Celestial objects in our galaxy are cataloged in SIMBAD (the Set of Identifications, Measurements, and Bibliography for Astronomical Data), which is based at The Centre de Données Astronomiques de Strasbourg (CDS) in France.
Catalogers read new astronomy publications as they appear, creating metadata records for each mentioned celestial object that can be identified.
SIMBAD grows rapidly at the pace of publications and new discoveries, updating their statistics daily. As of this writing, SIMBAD contains about 18.2 million identifiers for 7.3 million unique objects that were mentioned in 285,000 papers, for a total of about 10 million references to unique objects.

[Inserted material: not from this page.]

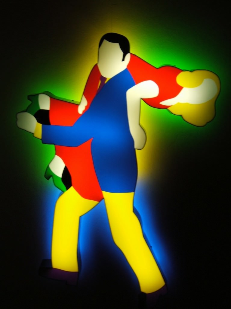 Ecco che come un “ maestro semiologo” l’artista Marco Lodola riesce a creare con i suoi lavori una coreografica simbologia cromatica figurativa data da un insieme di magiche figure chiuse all’interno di scatole luminose, di tele bianche o di semplici carte ondulate.

Another way of representing these numbers is that each of these 7.3 million objects is known, on average, by about 2.5 different names—the 18.2 million identifiers.

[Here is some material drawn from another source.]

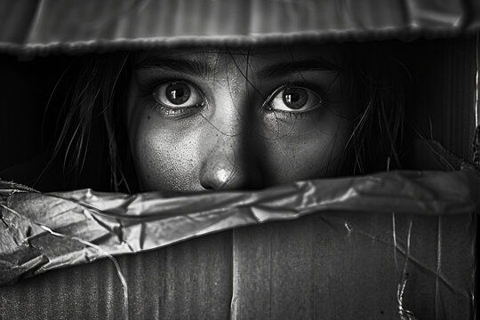 Woman taped up and taken hostage on dark background

Each paper mentions an average of 35 celestial objects—the 10 million citations of objects in 285,000 papers. These objects are not evenly distributed in the astronomy literature. Most papers describe a few objects, and a few papers list large numbers of objects.
Similarly, most objects have just one name (e.g., Jupiter) and some have many, such as their identification in surveys and catalogs created over a period of centuries. Each publication is thus richly tagged with metadata, adding value that can be used in discovering, combining, and distinguish-ing data about celestial objects.
Objects outside our galaxy are cataloged in the NASA Extragalactic Database (National Aeronautics and Space Administration, Infrared Processing and Analysis Center 2014a).
The solar system and planetary data are cataloged in yet another service (National Aeronautics and Space Administration, Jet Propulsion Laboratory 2014). CDS is the coordination point for many of the metadata repositories for astronomy and provides searching and mapping tools such as Aladin and VizieR.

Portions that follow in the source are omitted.